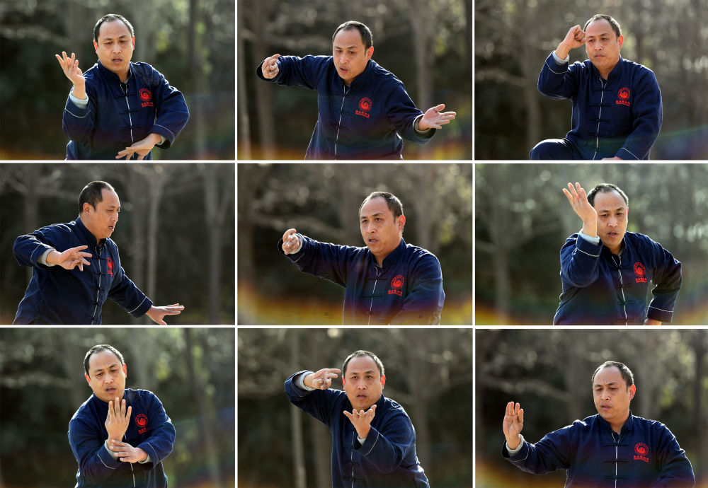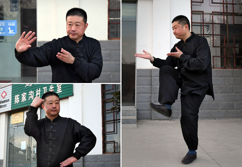 ↑吴波在陈家沟练习太极拳(拼版照片,12月14日摄)。
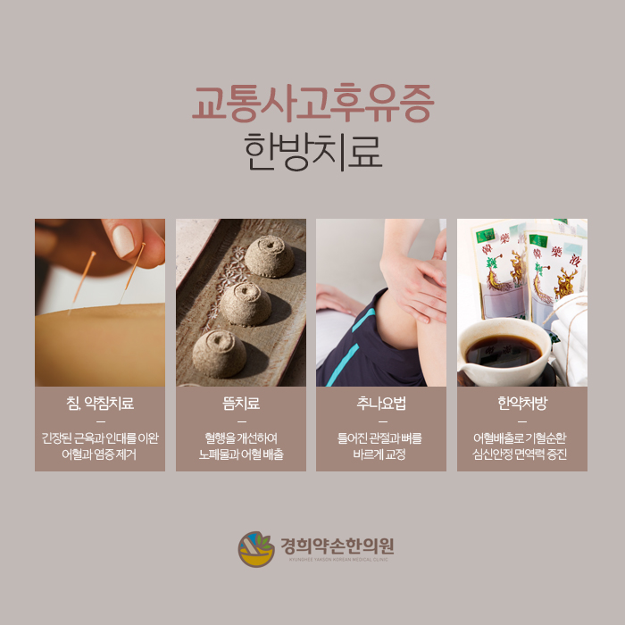 특히 목이 앞뒤로 크게 젖혀지면서 경추의 배열이 틀어지고 주변 근육과 인대가 긴장하거나 손상되기 쉬운데, 이 때문에 목통증과 뒷목뻐근함, 어깨결림을 후유증으로 호소하는 환자가 많은 편입니다. 교통사고후유증은 근골격계 증상 외에도 구토와 메스꺼움, 소화불량, 식욕부진, 두통, 이명, 어지럼증이 함께 나타나기도 합니다. 그리고 사고가 났던 당시의 상황이 트라우마로 남아서 가슴두근거림과 우울감, 불안함, 수면장애, 집중력저하 등 심리적인 증상을 호소하는 환자도 적지 않아요. 만약 교통사고의 충격으로 체내 미세한 출혈이 일어나서 어혈이 생성되었다면 기혈순환이 저하되어서 컨디션과 면역력이 저하되고 원인을 찾기 힘든 통증이 오래 이어질 수도 있으니 빠른 배출이 필요하겠습니다.
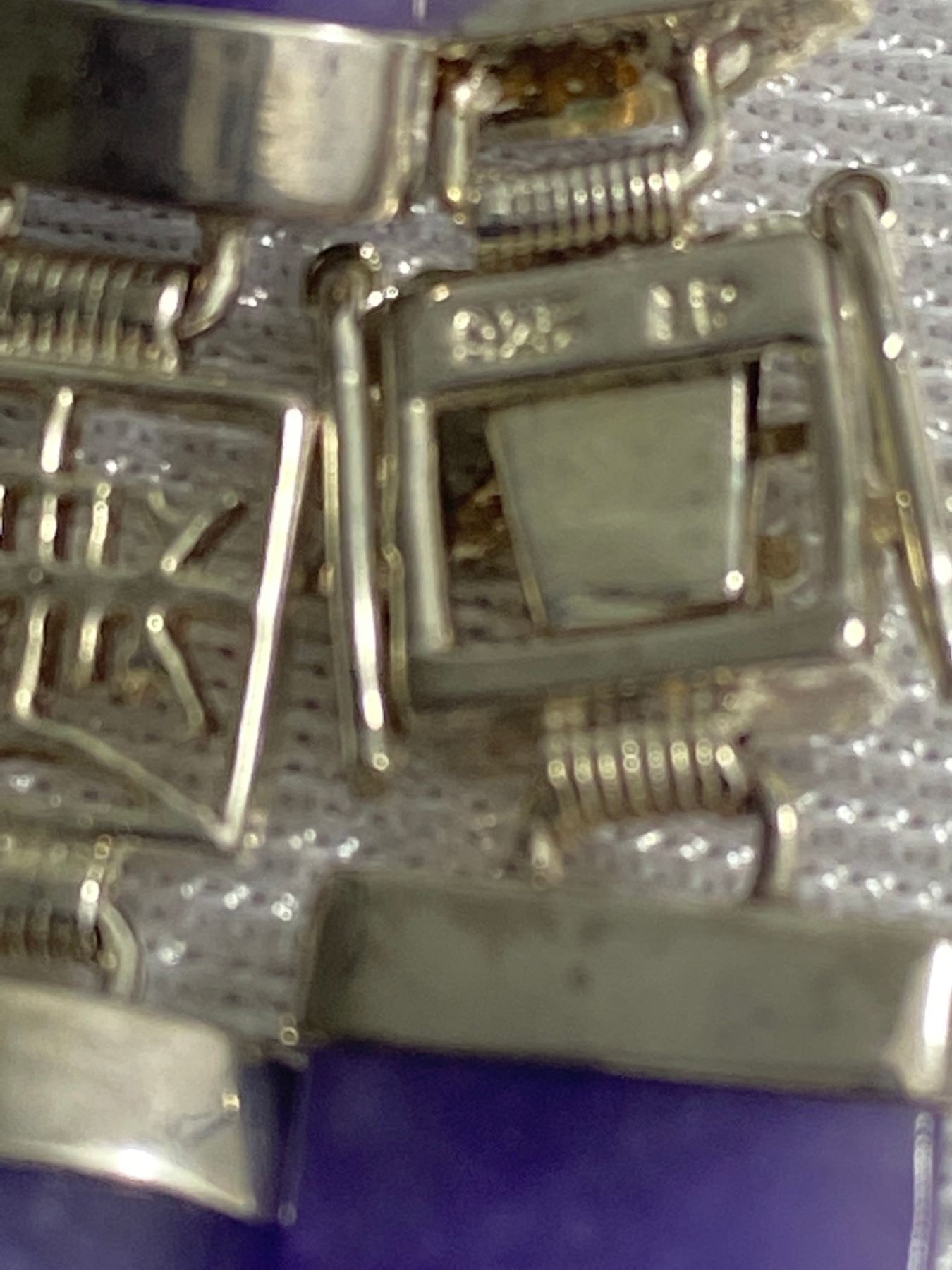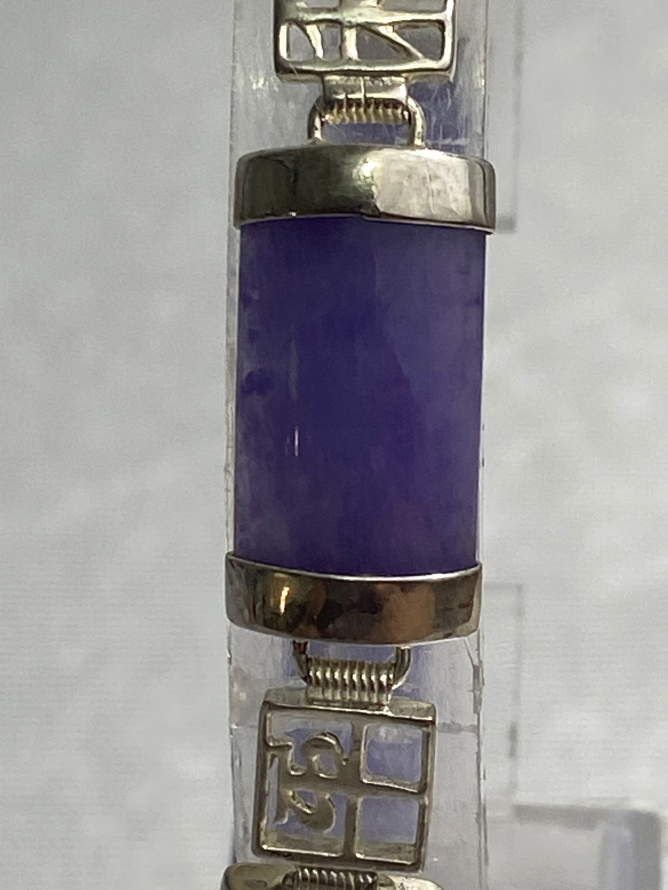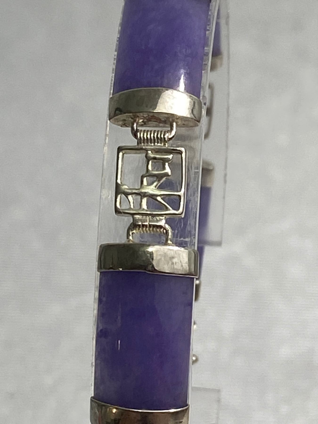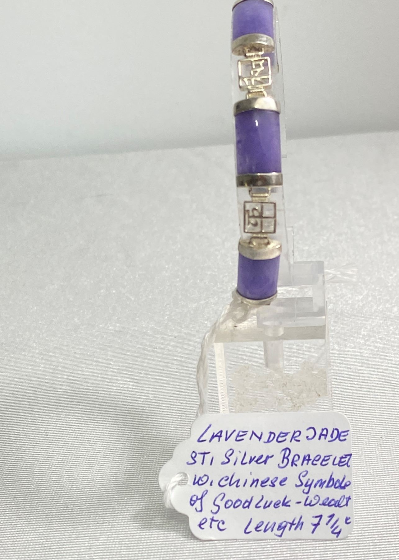 Lavender Jade Sterling Silver Bracelet with Chinese symbols of Good Luck, Wealth Etc
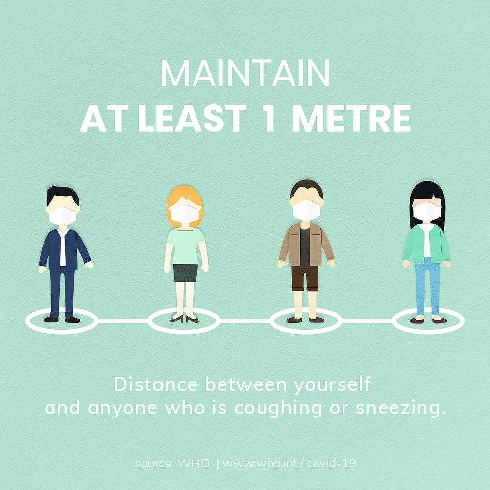 Photo Courtesy: rawpixel. Image Description: Maintain at least 1 metre in public during coronavirus pandemic, a paper craft social template by WHO.

(Your assignment) Omit the pictures. Transcribe word for word the lines from the one containing "특히 목이 앞뒤로 크게" through the end of the listing, inclusive.

(Answer section)
 특히 목이 앞뒤로 크게 젖혀지면서 경추의 배열이 틀어지고 주변 근육과 인대가 긴장하거나 손상되기 쉬운데, 이 때문에 목통증과 뒷목뻐근함, 어깨결림을 후유증으로 호소하는 환자가 많은 편입니다. 교통사고후유증은 근골격계 증상 외에도 구토와 메스꺼움, 소화불량, 식욕부진, 두통, 이명, 어지럼증이 함께 나타나기도 합니다. 그리고 사고가 났던 당시의 상황이 트라우마로 남아서 가슴두근거림과 우울감, 불안함, 수면장애, 집중력저하 등 심리적인 증상을 호소하는 환자도 적지 않아요. 만약 교통사고의 충격으로 체내 미세한 출혈이 일어나서 어혈이 생성되었다면 기혈순환이 저하되어서 컨디션과 면역력이 저하되고 원인을 찾기 힘든 통증이 오래 이어질 수도 있으니 빠른 배출이 필요하겠습니다.
 Lavender Jade Sterling Silver Bracelet with Chinese symbols of Good Luck, Wealth Etc
 Photo Courtesy: rawpixel. Image Description: Maintain at least 1 metre in public during coronavirus pandemic, a paper craft social template by WHO.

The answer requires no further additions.